The discovery of lambda phage marked a milestone in microbial research. Microbiologists were now armed with a model system with a virus that could be easily cultured and a non-pathogenic bacterium that was well characterized. Ultimately, Esther’s work with lambda phage revealed the pathways for transduction (viral DNA into cells) and horizontal transfer (DNA from bacterium to bacterium), along with many mechanisms by which viruses can regulate the host genome.

Bacterial fertility factor (F-plasmids)

Esther’s discovery of lambda phage was published in 1953, with her as the sole the author ( While continuing to describe lambda phage and its integration into the host, she noticed an interesting phenomenon — some uninfected bacterial strains that had been crossed, failed to give rise to recombinants. She speculated that the bacteria “lost” a factor that was necessary for division. She describes her initial observations:

“In terms of testing available markers... the data showed that there was a specific locus for lysogenicity... In the course of such linkage [genetic mapping] studies... one day, ZERO recombinants were recovered... I explored the notion that there was some sort of 'fertility factor' which if absent, resulted in no recombinants.”

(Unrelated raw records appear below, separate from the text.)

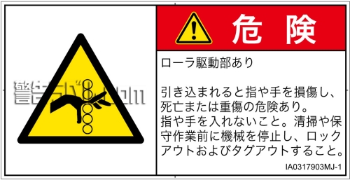 危険の種類: 機械的な危険 引き込み(ローラ)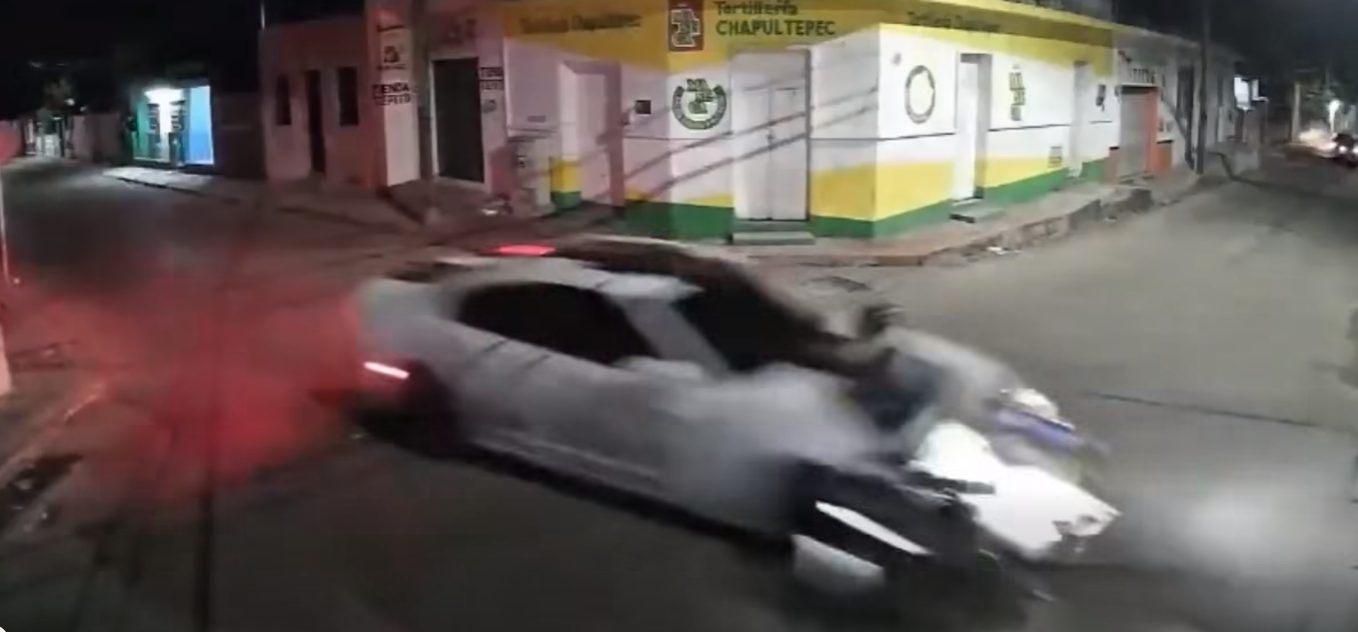 Una cámara de vigilancia instalada en la esquina captó el momento en que el automóvil un deportivo blanco con cofre oscuro y franjas rojas se “vuela” el alto de la calle 59 y embiste a la motocicleta que llevaba la preferencia.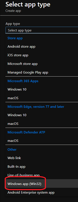 Then you need to download the Win32 app management prep tool from https://go.microsoft.com/fwlink/?linkid=2065730 to generate the custom Win32 app package to be deployed.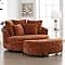 Sinzho & Wiyfun 59.8" W Upholstered Oversized Round Barrel Chair Extra Large Accent Chair with Half Moon Storage Ottoman & Wheels & 5 Pillows for Living Room, Knitted Chenille Fabric, Orange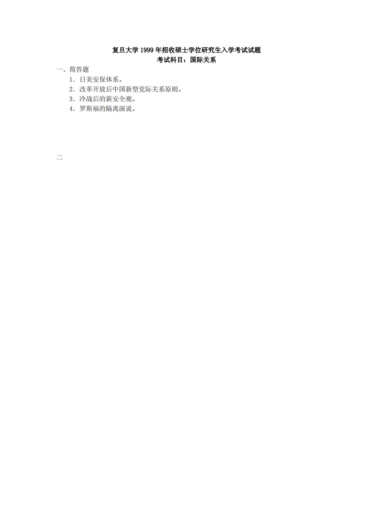 复旦大学1999年招收硕士学位研究生入学考试试题考试科目:国际关系一、简答题1.日美安保体系。2.改革开放后中国新型党际关系原则。3.冷战后的新安全观。4.罗斯福的隔离演说。二复旦大学1999年招收硕士学位研究生入学考试试题考试科目:国际关系一、简答题1.日美安保体系。2.改革开放后中国新型党际关系原则。3.冷战后的新安全观。4.罗斯福的隔离演说。5.相互依存的敏感性。6.大国关系伙伴热。7.和平共处五项原则。8.国际关系行为主体应具备的条件二、论述题1.试论20时代30年代国际关系的变化。2.试论“一国两制”与香港回归的重要意义。3.新科技革命对21世纪国际关系有何影响?百校文库—海量高校资...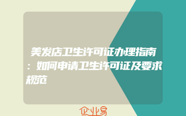 - 美发店卫生许可证办理指南:如何申请卫生许可证及要求规范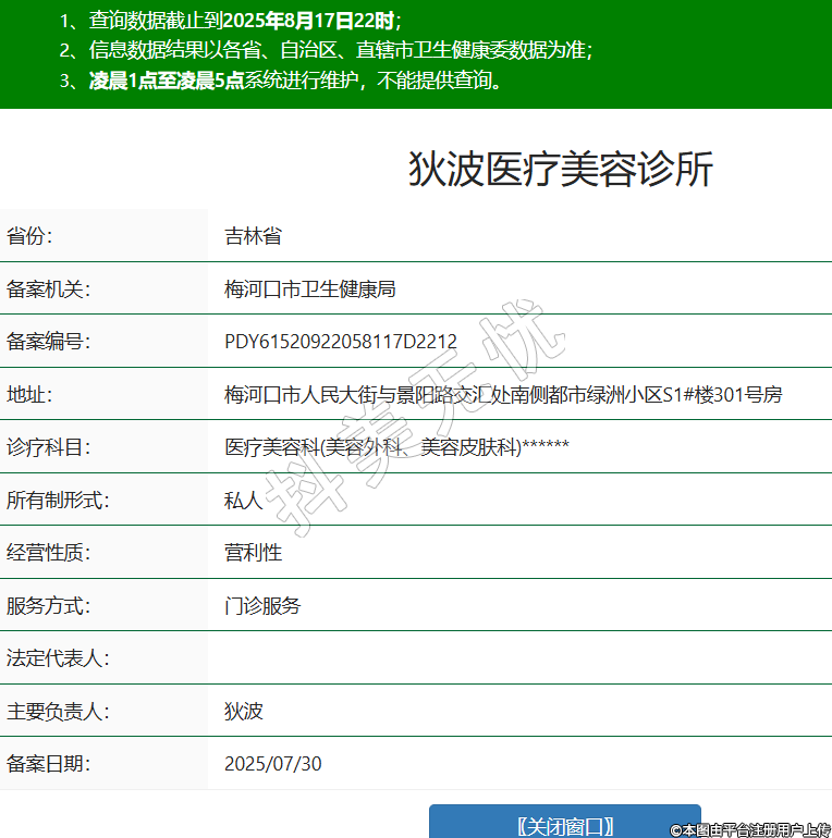 省份:吉林省備案機(jī)關(guān):梅河口市衛(wèi)生健康局備案編號(hào):PDY61520922058117D2212地址:梅河口市人民大街與景陽(yáng)路交匯處南側(cè)都市綠洲小區(qū)S1#樓301號(hào)房診療科目:醫(yī)療美容科(美容外科、美容皮膚科)******所有制形式:私人經(jīng)營(yíng)性質(zhì):營(yíng)利性服務(wù)方式:門診服務(wù)法定代表人:主要負(fù)責(zé)人:狄波備案日期:2025/07/30 -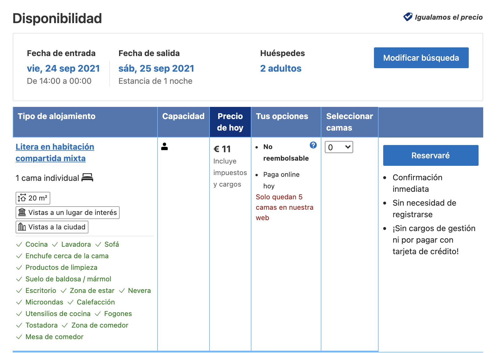 En Booking todavía se puede reservar por 11 euros a pesar de la plaga de chinches.

The factor that she discovered was to be officially named Fertility-factor and was found on a plasmid exchanged between bacteria (F-plasmid). The plasmid, once transferred, could either function on its own in the bacterial cytoplasm or it could be integrated into the bacterial chromosome.

Replica plating

A longstanding problem that puzzled microbiologists for decades was how to screen large numbers of bacterial colonies for a desired phenotype. Traditionally, a single colony was streaked onto a separate plate containing a selective pressure, that is, a plate containing an antibiotic or lacking a certain growth nutrient. If the colony still grew on the selective plate, the bacterial colony originally streaked was said to have a different phenotype. What bacteriologists needed was a way to rapidly and efficiently screen for colonies with certain phenotypes in a single generation.  In essence, sciences longed for a method of reproducing the geometric pattern of colonies from a single plate.

Esther speculated that the fibers in simple velvet cloth could act as tiny inoculating needles to transfer the pattern of colonies from plate to plate. This methodology allowed her to later discover that spontaneous mutations could arise with adaptive advantages.

Invisible Esther

Esther followed her husband to Stanford University where he later founded and directed the Department of Genetics. Once again, Esther continued to be a leader in the field and founded the Plasmid Reference Center which she directed till her retirement in 1985.

Living in her husband’s shadow is one of the great tragedies in science. In a twist of cosmic irony, Esther Lederberg chose to study the invisible world of microbes, yet remained largely invisible herself. How would the world be different if Esther was afforded the same benefits as her male counterparts?  Despite these obstacles, her contributions to science were nothing less than remarkable.

This kind of story is all too common and was pervasive throughout the history of science; but there are signals that we are headed in the right direction — many wish to make the invisible, visible.